You certainly have been misinformed, or misunderstood the information ,somewhere along the line !
No ICE has ever been more than 40-45% efficient , with most in the 25-30% range, ( energy in...energy out) at very best. The majority of the energy in the fuel is converted to waste heat.
Electric motors can be in the high 90s% efficient. 
Power output is easily quantified by simple measurements .
A 20kW motor is a 20kW motor...not a "54 hp" ICE equivalent !
But, that 20 kW motor will have much more usable Torque at low rpms than the 60 hp ICE. (The ICE will have practically O Torque at low rpm )
That is the big difference.


----------



## ICEICEbaybee (Jan 28, 2017)

Karter2 said:


> You certainly have been misinformed, or misunderstood the information ,somewhere along the line !
> No ICE has ever been more than 40-45% efficient , with most in the 25-30% range, ( energy in...energy out) at very best. The majority of the energy in the fuel is converted to waste heat.
> Electric motors can be in the high 90s% efficient.
> Power output is easily quantified by simple measurements .
> ...


Thank you for helping me explain to you the power difference of a combustion engine vs an electric motor. I couldn't have said it better.


----------



## akseminole (Jan 5, 2014)

Are you asking about the 20kw continuous 50kw peak motor?


----------



## ICEICEbaybee (Jan 28, 2017)

akseminole said:


> Are you asking about the 20kw continuous 50kw peak motor?
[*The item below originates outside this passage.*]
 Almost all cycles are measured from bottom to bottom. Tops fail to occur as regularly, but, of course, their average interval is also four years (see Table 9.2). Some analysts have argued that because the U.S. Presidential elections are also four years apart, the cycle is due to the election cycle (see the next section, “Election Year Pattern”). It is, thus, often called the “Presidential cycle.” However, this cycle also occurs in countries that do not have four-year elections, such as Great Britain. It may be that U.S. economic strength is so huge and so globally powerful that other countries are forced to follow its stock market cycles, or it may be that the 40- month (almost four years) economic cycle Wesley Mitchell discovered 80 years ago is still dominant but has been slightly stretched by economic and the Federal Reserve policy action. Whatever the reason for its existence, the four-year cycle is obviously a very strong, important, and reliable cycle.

Yes. I think I'll be saving for one of the inwheel version for a small car. I just need to travel about 20-25 miles per charge for now. Still looking though. For some reason I want BLDC over the other two options. AC is overcomplicating something so straight forward with DC parts. IMO. Rear fat tire and this beauty...
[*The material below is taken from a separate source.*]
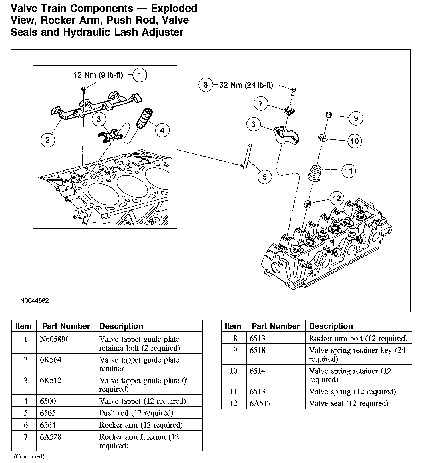 Valve Train Components - Exploded View, Rocker Arm, Push Rod, Valve Seals and Hydraulic Lash Adjuster:

https://youtu.be/kiQaCJOWTrY


----------



## akseminole (Jan 5, 2014)

"In wheel"? I don't know what that means.

I just saw this last night. Might be something that you would be interested in.

It's the 20kw cont, 50kw peak motor paired with a 96v controller.
https://www.ebay.com/itm/222412366452

As for AC being over complicated, from what I understand, there is relatively little difference between BLDC and AC. Mostly it's the waveform, I think.
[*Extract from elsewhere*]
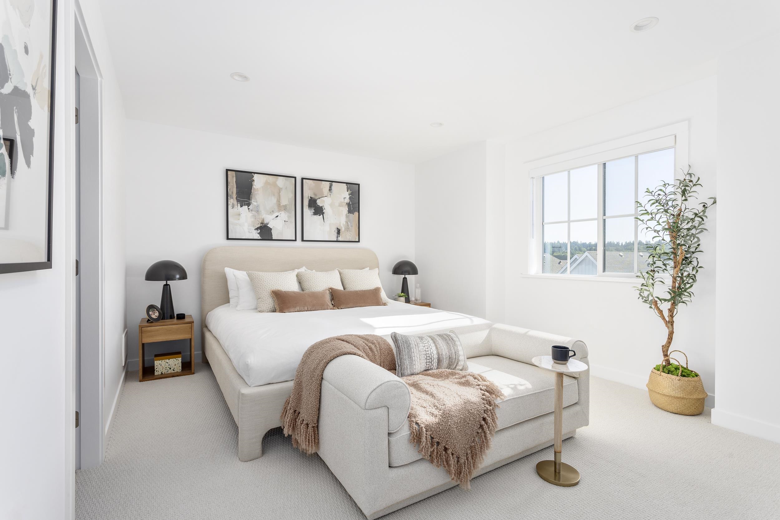 Centennial Green ~ This 3 bedroom + den contemporary craftsman style townhomes with a colourful front door is a short walk to the beach. At home, you have a large kitchen island ideal for snacking & homework while you prep food for the day. Stainless steel KitchenAid Appliances & a farmhouse-style sink will help you make beautiful meals. Two spacious bedrooms on the upper floor & your own primary suite on its own floor is a sanctuary with a large picture window, spacious walk-in closet & black-out blinds. T...
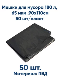 Мешки для мусора 180 л, ПВД 65 мкм, 50 шт пласт, 90х110см

BLDC is much more similar to AC than it is to Brushed DC.

Anyway that motor is pretty much 50hp (peak) as you were talking about earlier, I'm not sure what the other people were fixating on the continuous output rating for.

The HPEVS AC motors continuous output ratings are around 15-20hp, except for the people who try to use a massively undersized motor in the wrong application, few people have complaints about those motors Continuous ratings.


----------



## ICEICEbaybee (Jan 28, 2017)

akseminole said:


> "In wheel"? I don't know what that means.
> 
> I just saw this last night. Might be something that you would be interested in.
> 
> ...


Nice find, sir!

What about the battery pack to fit on a bike frame? Would you say it's doable? 96v might be overkill. Maybe 72v is more appropriate for a 580lb bike?


----------



## akseminole (Jan 5, 2014)

This battery would probably do you fine. Maybe do two for more range.
There is a lot of information on this forum about the care and feeding of these.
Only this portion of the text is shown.